Exercise details: Starting with the line that has "Kommer i en" and finishing with the line that has "The BASETBL Office", set down each line below exactly. Pictures are not copied.

***** Material supplied

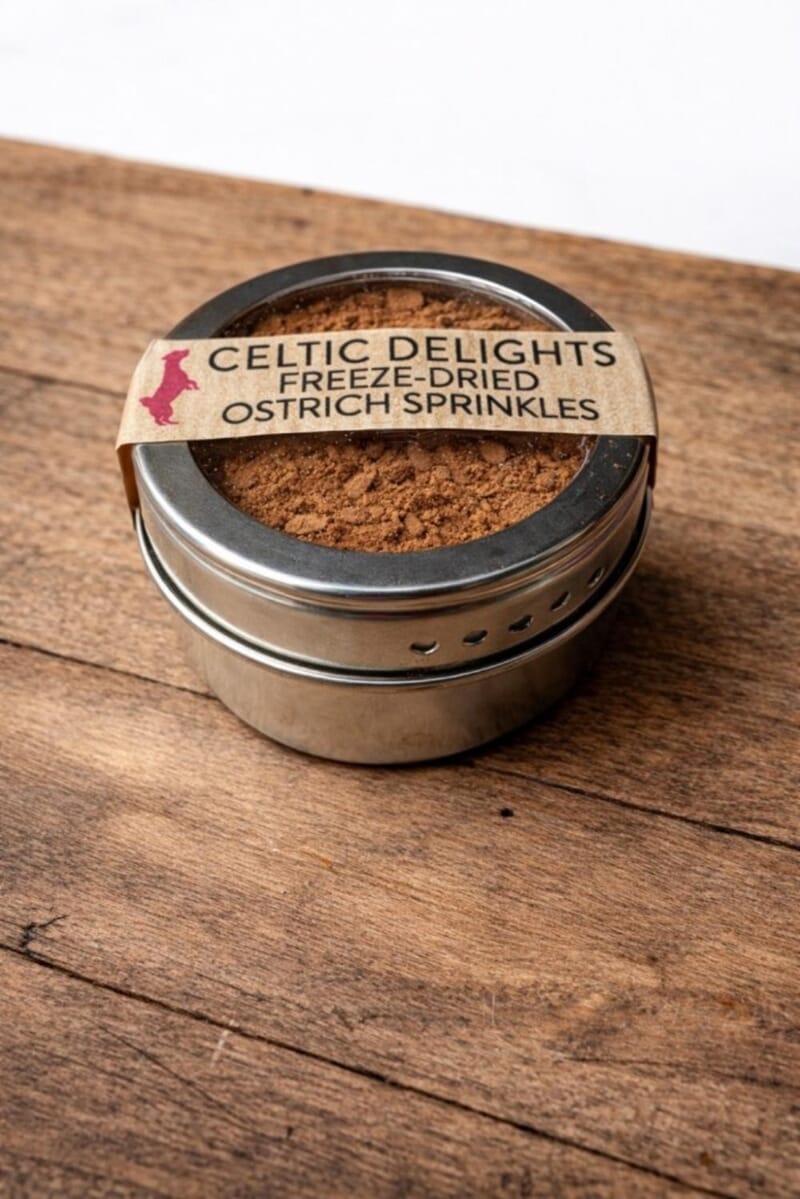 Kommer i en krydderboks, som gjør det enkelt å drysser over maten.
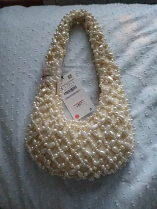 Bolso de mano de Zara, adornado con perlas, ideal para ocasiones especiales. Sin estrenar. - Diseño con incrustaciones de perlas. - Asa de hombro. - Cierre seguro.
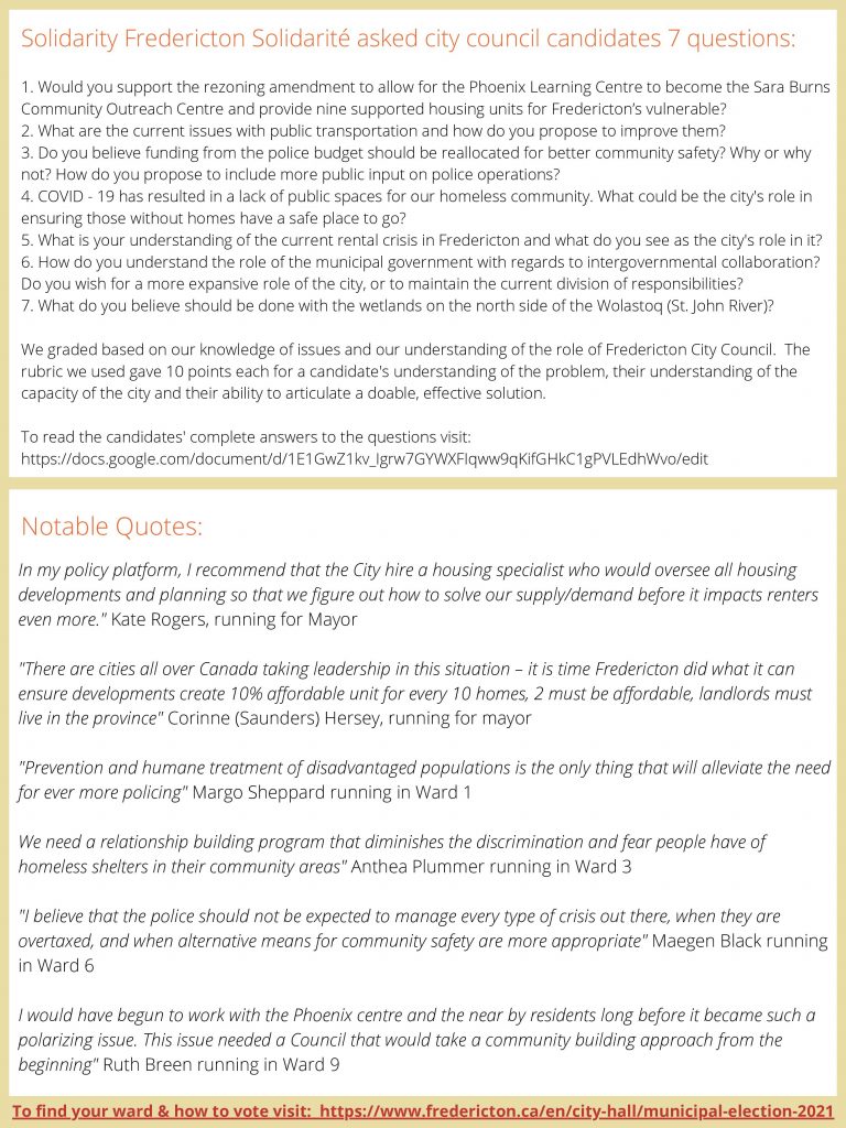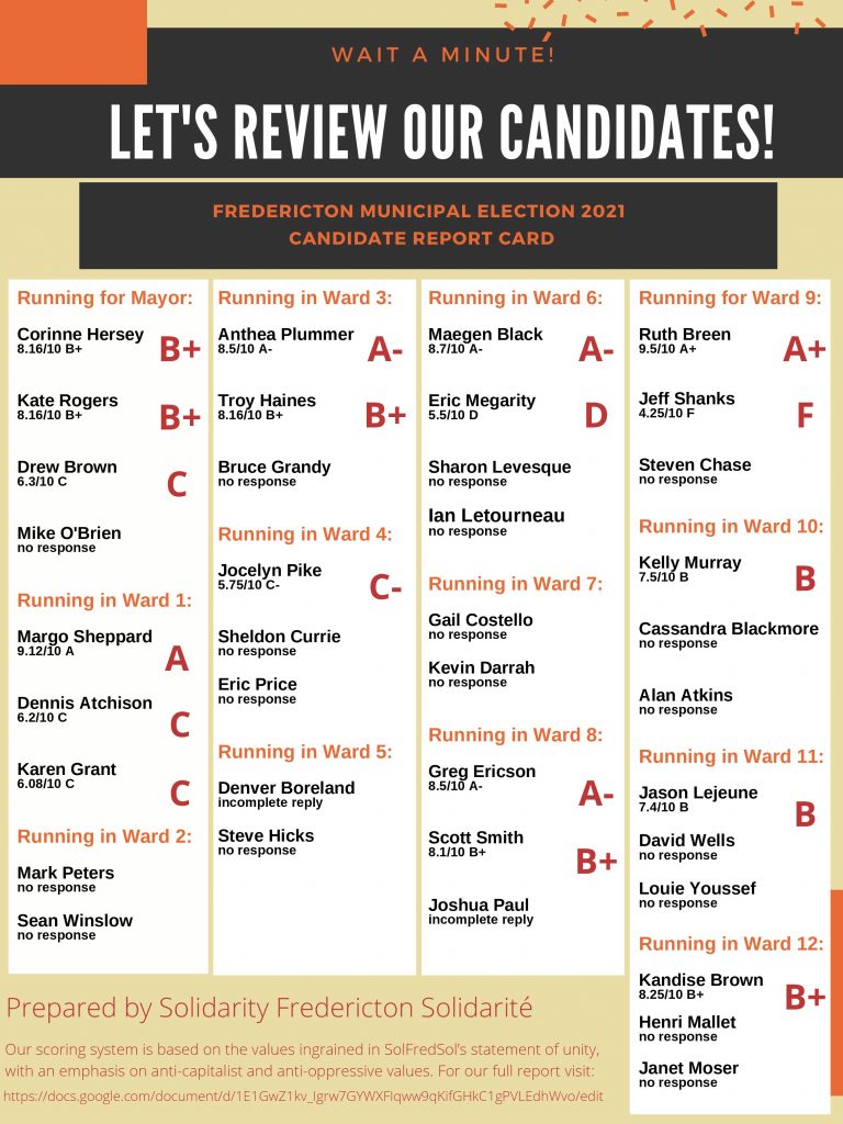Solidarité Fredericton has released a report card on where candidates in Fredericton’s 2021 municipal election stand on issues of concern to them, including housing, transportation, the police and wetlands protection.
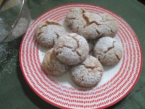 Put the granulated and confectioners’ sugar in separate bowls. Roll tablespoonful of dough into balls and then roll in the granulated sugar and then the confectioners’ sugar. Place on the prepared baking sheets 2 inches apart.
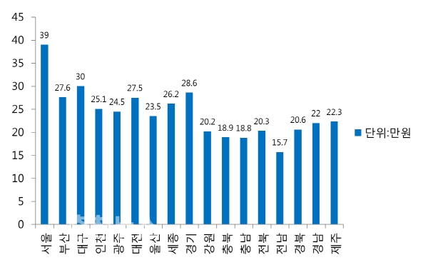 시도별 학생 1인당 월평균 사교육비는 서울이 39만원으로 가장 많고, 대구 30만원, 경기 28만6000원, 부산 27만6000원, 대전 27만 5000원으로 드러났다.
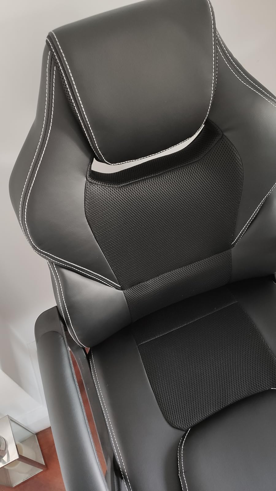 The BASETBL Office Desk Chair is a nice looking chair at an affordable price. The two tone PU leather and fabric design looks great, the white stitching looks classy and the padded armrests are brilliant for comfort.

**********
***** Material supplied

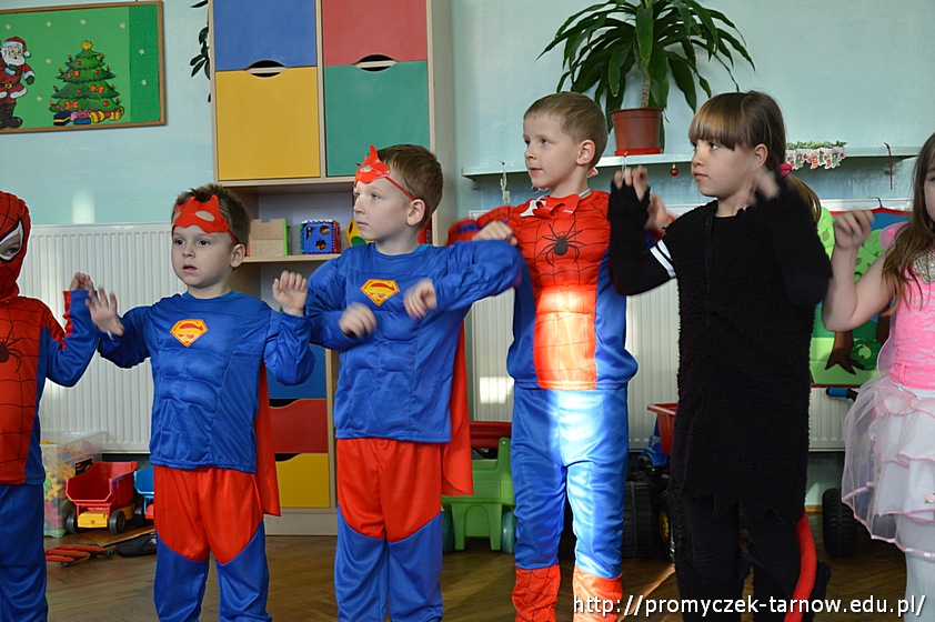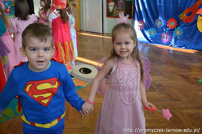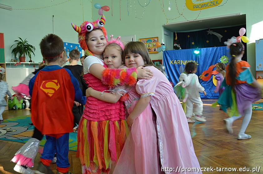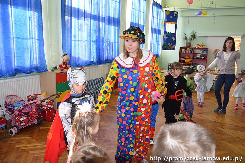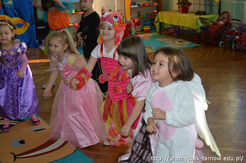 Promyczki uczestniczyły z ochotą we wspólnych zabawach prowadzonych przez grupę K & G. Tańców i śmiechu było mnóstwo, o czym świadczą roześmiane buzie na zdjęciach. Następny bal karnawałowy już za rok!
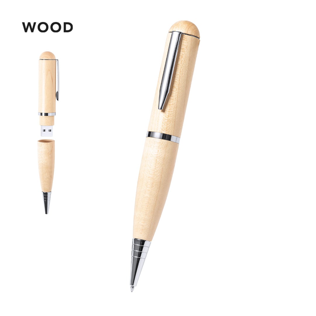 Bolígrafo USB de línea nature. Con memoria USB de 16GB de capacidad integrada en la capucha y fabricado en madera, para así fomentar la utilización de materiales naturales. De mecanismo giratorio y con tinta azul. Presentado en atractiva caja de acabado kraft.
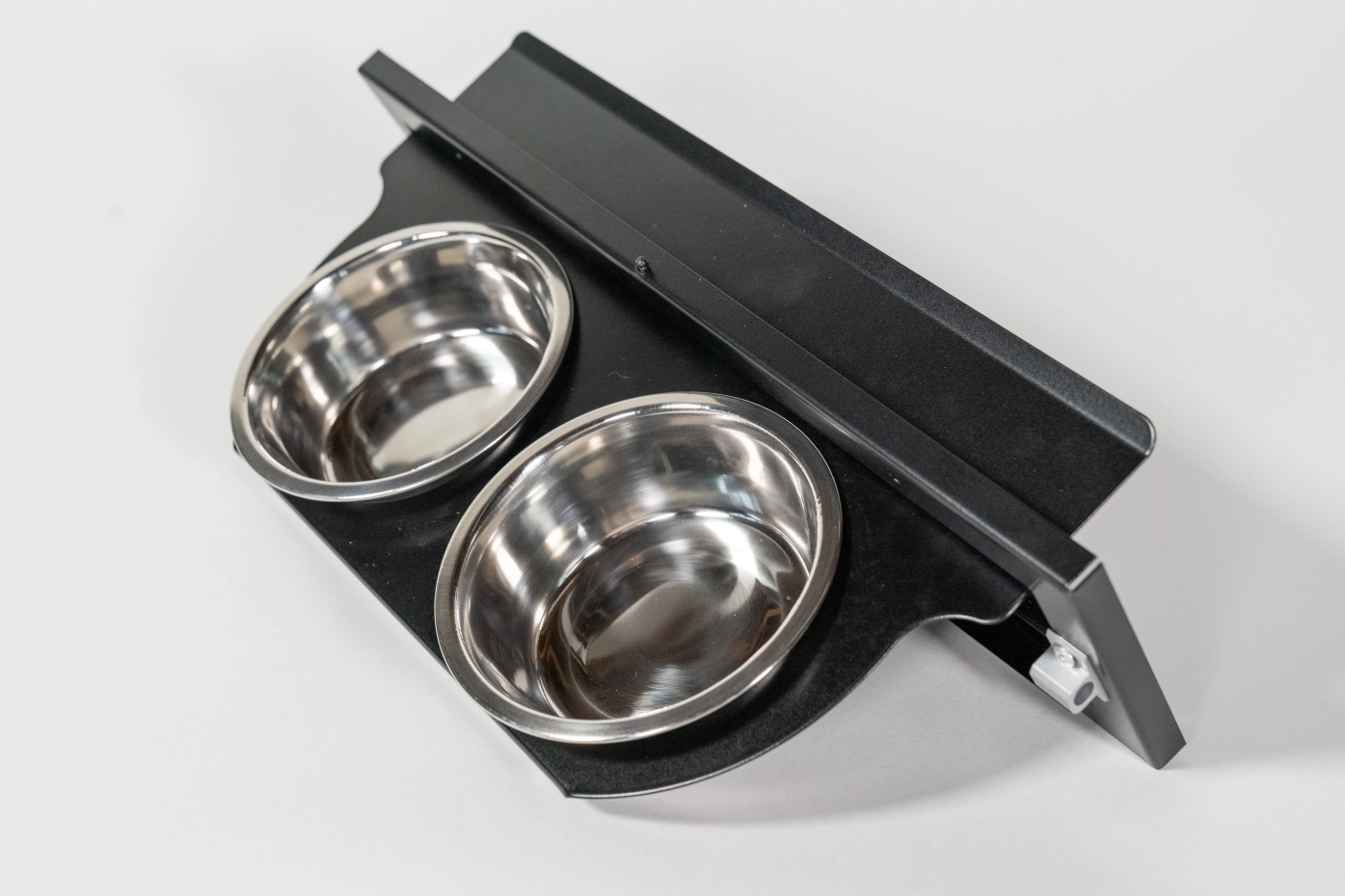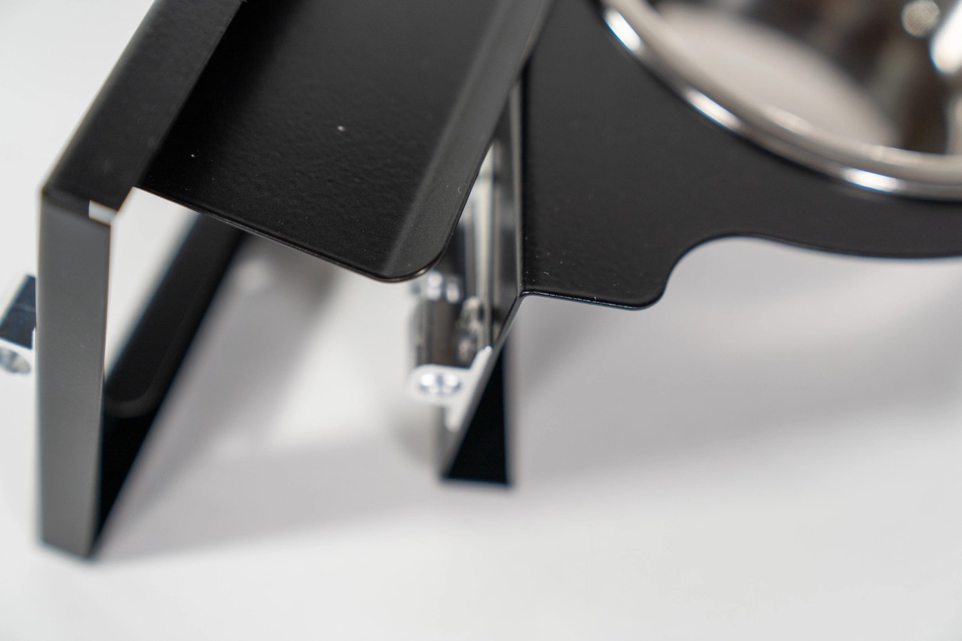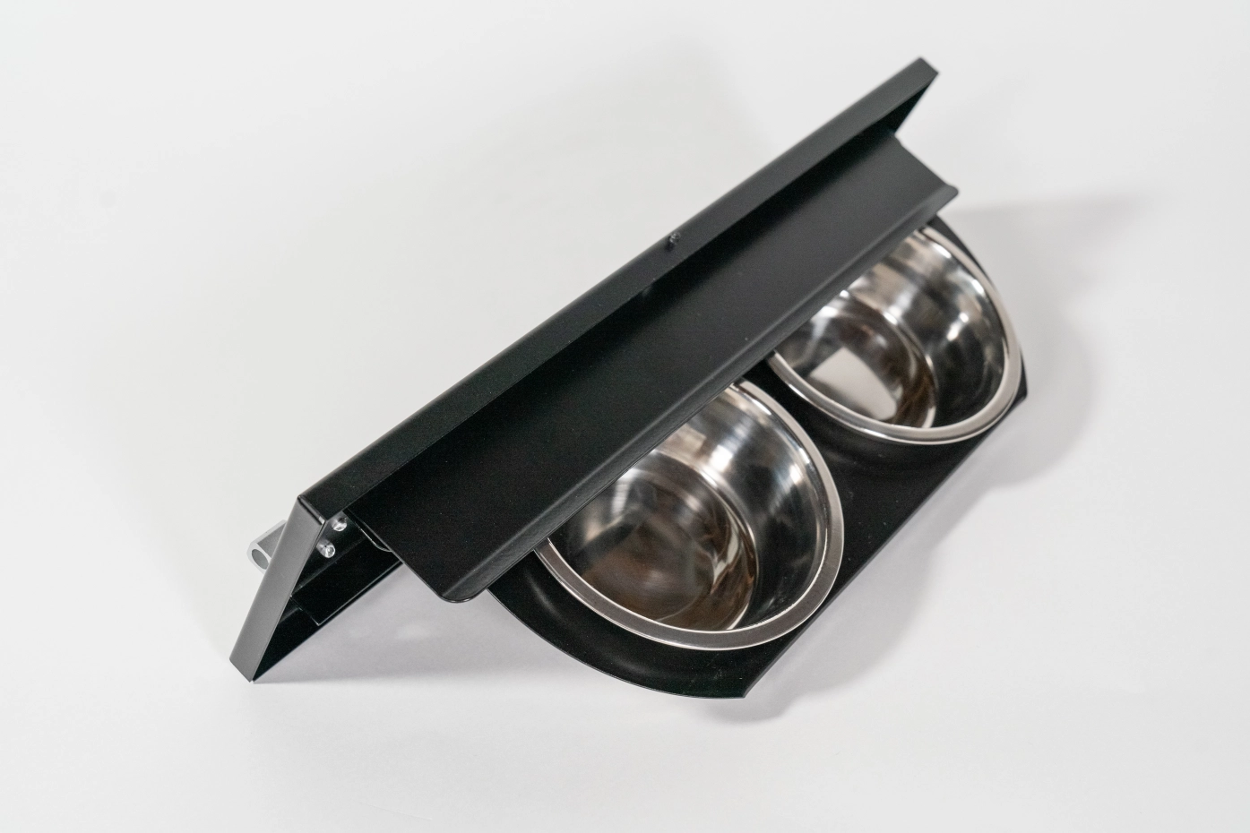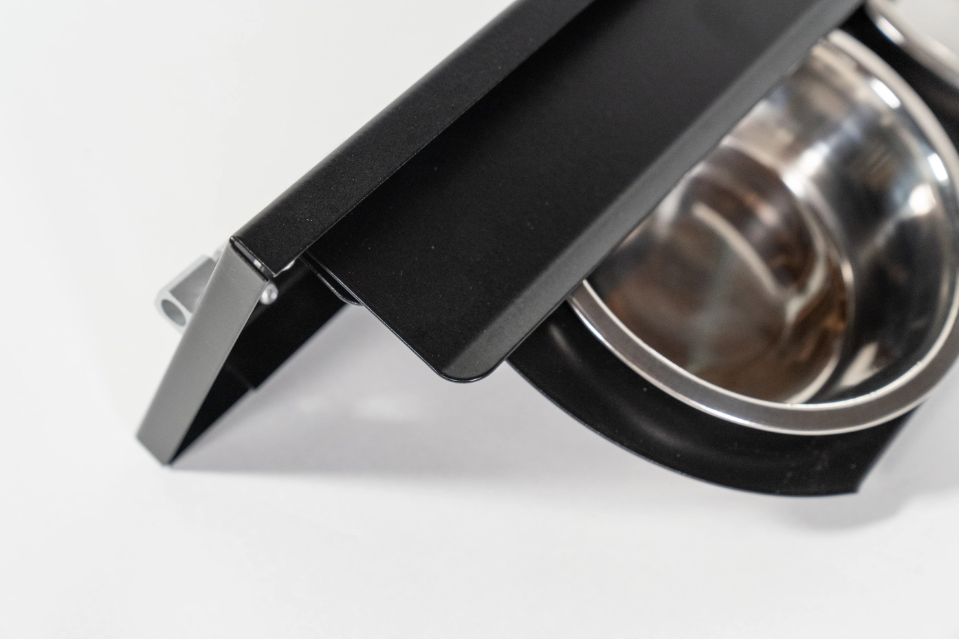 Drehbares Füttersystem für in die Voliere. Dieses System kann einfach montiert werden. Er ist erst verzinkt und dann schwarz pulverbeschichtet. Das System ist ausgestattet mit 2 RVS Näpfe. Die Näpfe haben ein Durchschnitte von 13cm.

**********

Written response:
 Kommer i en krydderboks, som gjør det enkelt å drysser over maten.
 Bolso de mano de Zara, adornado con perlas, ideal para ocasiones especiales. Sin estrenar. - Diseño con incrustaciones de perlas. - Asa de hombro. - Cierre seguro.
Solidarité Fredericton has released a report card on where candidates in Fredericton’s 2021 municipal election stand on issues of concern to them, including housing, transportation, the police and wetlands protection.
 Put the granulated and confectioners’ sugar in separate bowls. Roll tablespoonful of dough into balls and then roll in the granulated sugar and then the confectioners’ sugar. Place on the prepared baking sheets 2 inches apart.
 시도별 학생 1인당 월평균 사교육비는 서울이 39만원으로 가장 많고, 대구 30만원, 경기 28만6000원, 부산 27만6000원, 대전 27만 5000원으로 드러났다.
 The BASETBL Office Desk Chair is a nice looking chair at an affordable price. The two tone PU leather and fabric design looks great, the white stitching looks classy and the padded armrests are brilliant for comfort.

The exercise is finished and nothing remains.